Stimuli.Three-dimensional virtual scenes simulating the situation of inter-ethnic interaction were developed. Each scene represented a living room in the center of which a group of three avatars of the same ethnic appearance were located. There were windows and a door in the room, with a hilly landscape visible through them. The avatars stood in a circle facing each other. They differed in height, build, clothing details, facial features, and facial expressions: neutral, less friendly, and friendlier.

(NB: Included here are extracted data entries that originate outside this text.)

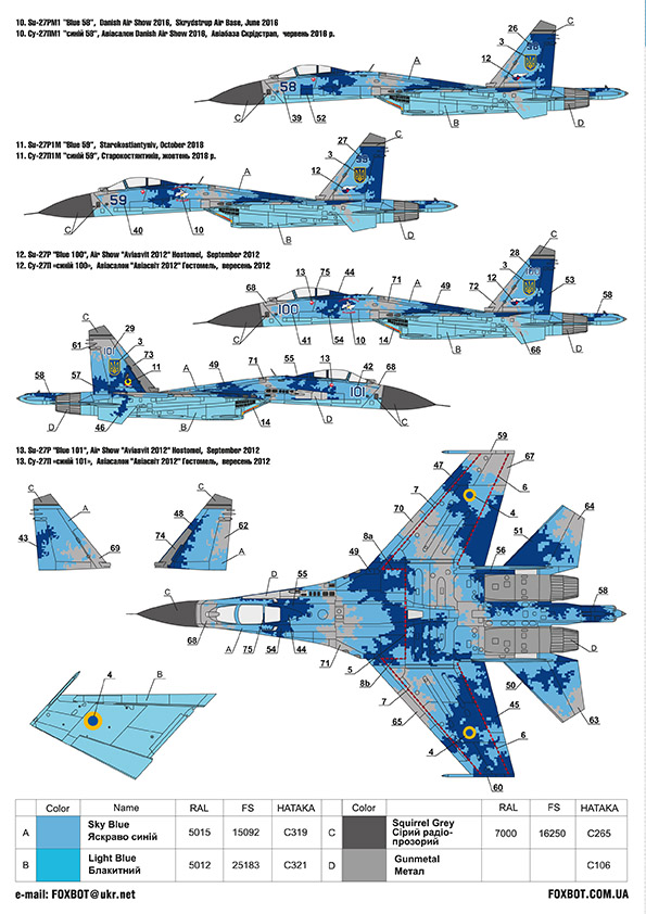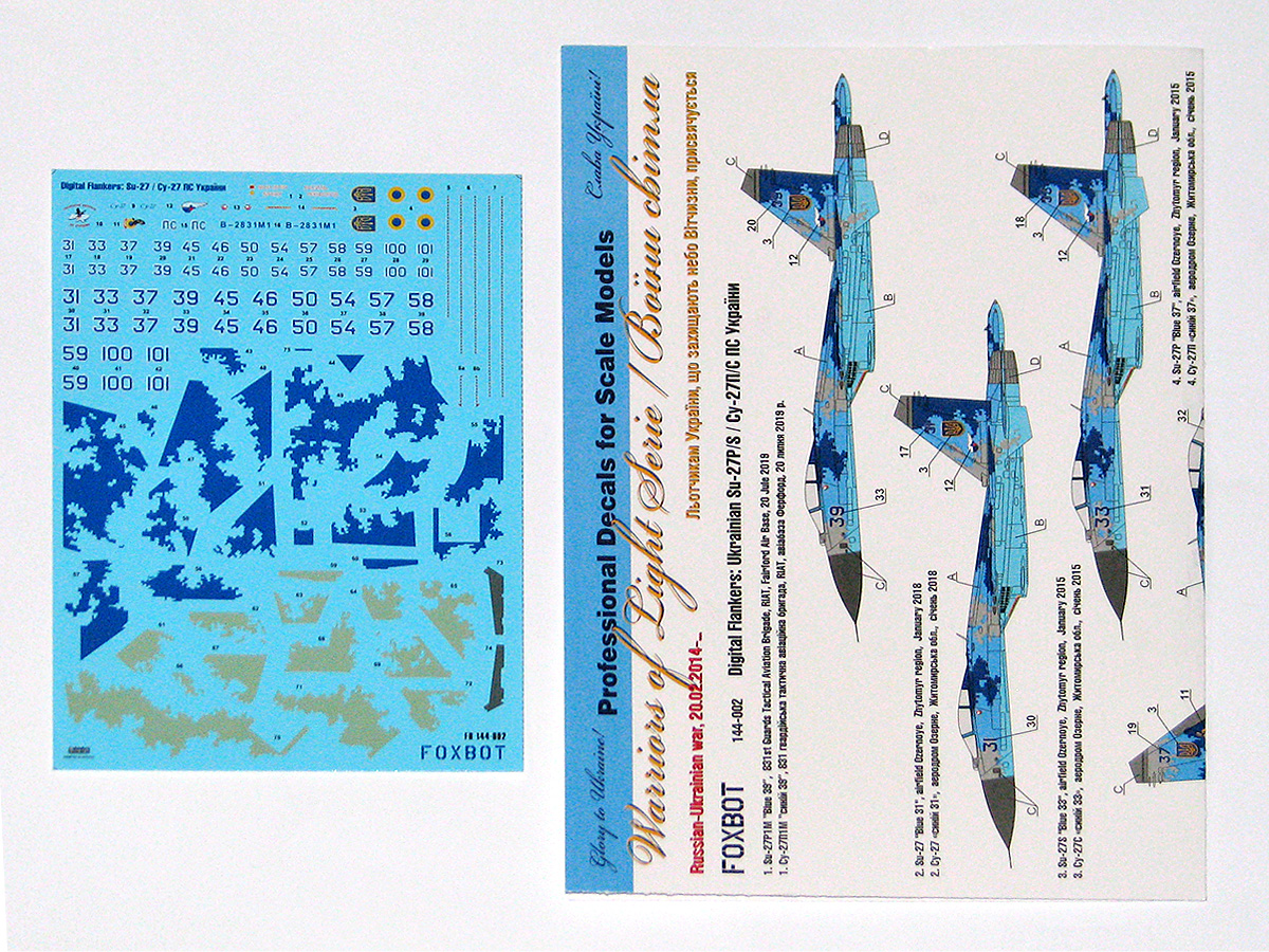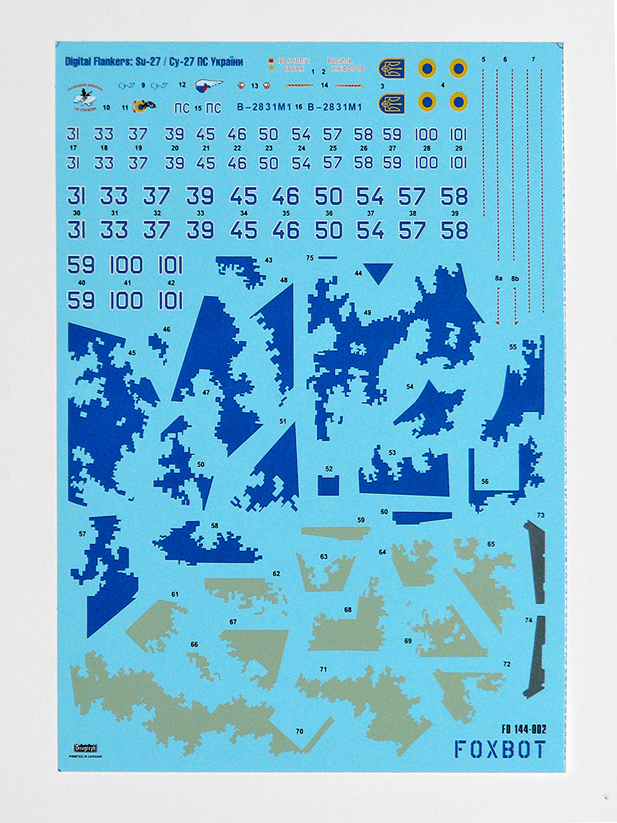 Foxbot Decals - 1/144 Sukhoi Su-27S/P Ukranian Air Forces, digital camouflage (for Trumpeter kits)
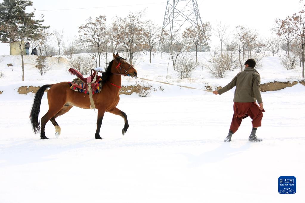 1月23日,在阿富汗首都喀布爾,一名男子牽馬從雪地上走過。
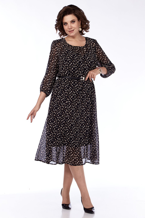 Платье женское, выполнено из легкой плательной ткани, А-силуэта. Горловина округлой формы с драпировкой по переду, обработана окантовкой. Перед с фигурными рельефами выходящими из проймы до низа. Спинка со средним швом в котором имеется застежка на навесную петлю с пуговицей. Рукава втачные, одношовные по низу собраны на эластичную тесьму. Платье на съемной подкладке. Прилагается декоративный ремень.
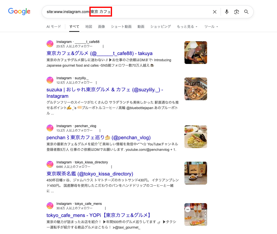 そんなときはインターネット検索で「site:www.instagram.com 〇〇」という形式を使うと〇〇に関連するアカウントを一覧でチェックできます。
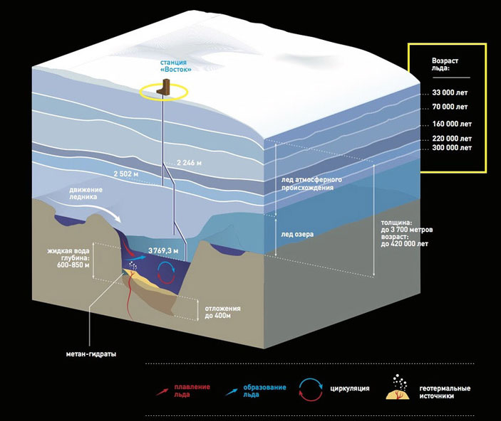 Рис. 17. Подледниковое озеро Восток. Схематическое изображение [12]
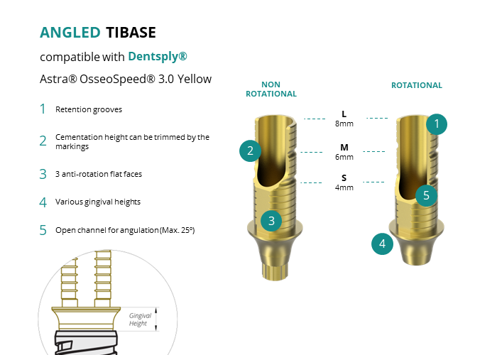 GT-Medical's Angled Ti-Base are compatible with Astra® OsseoSpeed® 3.0 Yellow implants from Dentsply®, ensuring a stable and long-lasting connection between the implant and the prosthesis, while also allowing angulations to be corrected up to 25 degrees. They are made entirely of Titanium Grade 5 with a yellow anodizing for a more aesthetic finish. They have a cementation trunk that can be cut to various heights with an open channel to allow angulation, 3 flat faces to perform the anti-rotating function and a gingival body of various heights, depending on the type of connection.
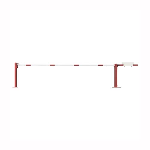 Paceļama barjera ar pretsvaru, ar atbalsta stabu. Atvēršana/aizslēgšana ar euro-profila cilindra slēdzeni (pieejama arī ar piekaramo atslēgu vai trijstūrveida slēdzeni). Stiprināma pie pamatnes ar skrūvēm (iespējams arī iebetonēt – papildus nepieciešama betonējamais enkurs abiem balstiem 360x360x8mm). Ieteicamie betona pamata izmēri galvenajam vertikālajam stabam 550x550x900mm; atbalsta stabam – 400x400x900mm. Izmēri: kopējais platums = 4000mm + 900mm, vidējais (brīvais) platums 4000mm, vertikālais stabs (karsti cinkots un krāsots sarkans), atbalsta stabs no tērauda caurules 70x70mm ar pamatnes plāksni 220x220x8mm, horizontālā barjera (alumīnija caurule ar biezām sieniņām) d=80mm, balta ar sarkanām joslām, augstums virs zemes 950mm. Bloķēšanas mehānisms: pie atbalsta staba, var fiksēt ar galveno atbalsta tapu, kad barjera ir atvērta. Iespējams papildus iegādāties atbalsta kāju enkurus montāžai betonā ar skrūvēm un metāla trosi. Svars: 76kg.
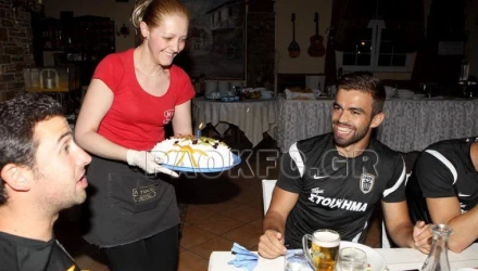 Δύο τούρτες έκαναν την εμφάνισή τους, και το πάρτι ξεκίνησε. Ήταν μια ευκαιρία για να ξεφύγουν οι παίκτες από την ένταση των συνεχόμενων προπονήσεων.
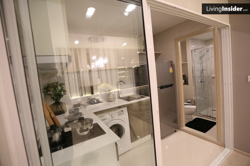 ที่นี่ให้ความสำคัญกับพื้นที่ทำอาหารมากเลยครับ โดยนอกจากจะสามารถแยกเป็นส่วนครัวปิดได้เแล้ว ยังมีพื้นที่ค่อนข้างกว้างเลยครับ จะเห็นว่าให้ชุดครัวเป็นตัวแอลเลย โดยชุดครัวเป็นของ Starmark แถมเตาไฟฟ้า, เครื่องดูดควันและซิ้งค์ล้างจานของ Franke (ระบบดูดควันเป็นแบบดูดออกไปข้างนอกนะครับ โดยมีท่อดูดออกไป ไม่ใช่แบบหมุนเวียนนะครับ นี่เป็นข้อดีมากครับ เพราะดูดกลิ่นได้ดีกว่า และ โดยทั่วไป คอนโด Low Rise จะไม่ค่อยทำระบบแบบนี้ให้ครับ )
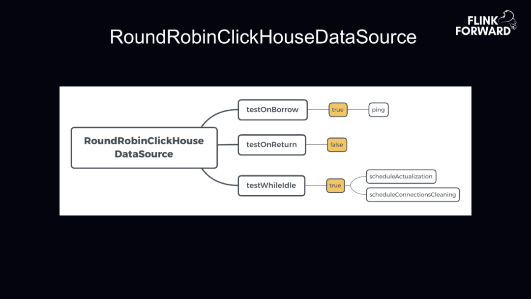 RoundRobinClickHouseDataSource:趣头条对BalancedClickHouseDataSource 进行加强的结果,实现了三个语义。testOnBorrow 设置为 true,尝试 ping 看能否获取连接。用 ClickHouse 写入时是一个 batch,再将 testOnReturn 设置为 false,testWhileIdel 设置为true,填入官方 scheduleActualization 和 scheduleConnectionsCleaning 的功能。ClickHouse 后台不断进行 merge,如果 insert 过快使后台 merge 速度变慢,跟不上 insert,出现报错。因此需要尽量不断往下写,等写完当前机器,再写下一个机器,以5s间隔进行写入,使 merge 速度能够尽量与 insert 速度保持一致。

The avatars were animated: they swayed a little, moved eyes and heads. Three virtual scenes were developed: the first contained three avatars of Slavic appearance; the second, avatars of North Caucasian appearance; and the third, avatars of Central Asian appearance.

Apparatus.Virtual scenes were presented using the CAVE virtual reality system Barco Ispace 4 (Fig. 1). It consisted of four large flat screens, which were combined to form a cube consisting of three walls and a floor. The effect of three-dimensional virtual objects and characters was created using Crystal Eyes glasses. The participants used a Flystick2 manipulator to navigate in the virtual environments. Position data of the participants’ movements were recorded using tracking system A.R.T. DTrack 2. Position points were recorded with an 8 Hz update frequency. VirTools 4.0 was used for software development. This system has been successfully used in the research of three-dimensional illusions (Menshikova, 2013) and disorders of vestibular function (Menshikova et al., 2015).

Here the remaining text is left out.